A police spokesman, Andrew Felix Kaweesi, said authorities were investigating the background of the group responsible.
The bombings were the first major attack in Uganda since the West African nation joined a US-led effort earlier this year to rout the Islamic State-affiliated al-Shabaab from a stretch of Somali territory it controls.
Somalia’s al-Shabaab, which aims to topple the country’s Western-backed government and impose its harsh version of sharia law, frequently carries out attacks in East Africa, including deadly bombings on restaurants, hotels and embassies.
Uganda has dispatched troops to Somalia as part of the 14,000-strong African Union peacekeeping force that has pushed al-Shabaab back into Somalia.
Uganda dispatched troops to Somalia in 2014 as part of the 14,000-strong African Union peacekeeping force that has pushed al-Shabaab back into Somalia. The bombings followed repeated warnings by Ugandan security officials of an imminent attack by groups linked to the Islamic State in the country.

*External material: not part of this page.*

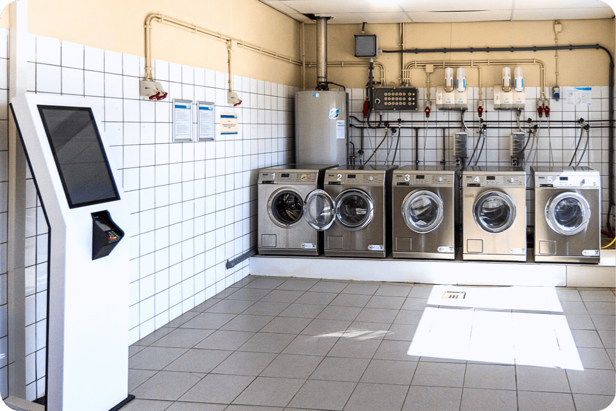 Betaalterminals kunnen op verschillende plekken worden ingezet; zoals bijvoorbeeld de wasserette. Geen gedoe meer met muntjes of pas tegoeden maar snel en eenvoudig betalen met je pinpas of creditcard.

“The [West Africa] region is a hotbed of terrorism. West Africa is a terror zone,” said the UPDF military spokesman, Emmanuel Chirchir.
Uganda has had a troubled history of terrorism linked to the Lord’s Resistance Army, a guerrilla movement led by Joseph Kony which terrorised parts of the country for more than two decades.
David Nsaba Buturo, Uganda’s intelligence chief, told the BBC that IS followers in Uganda had been in contact with a group in Syria to receive instructions for the attack.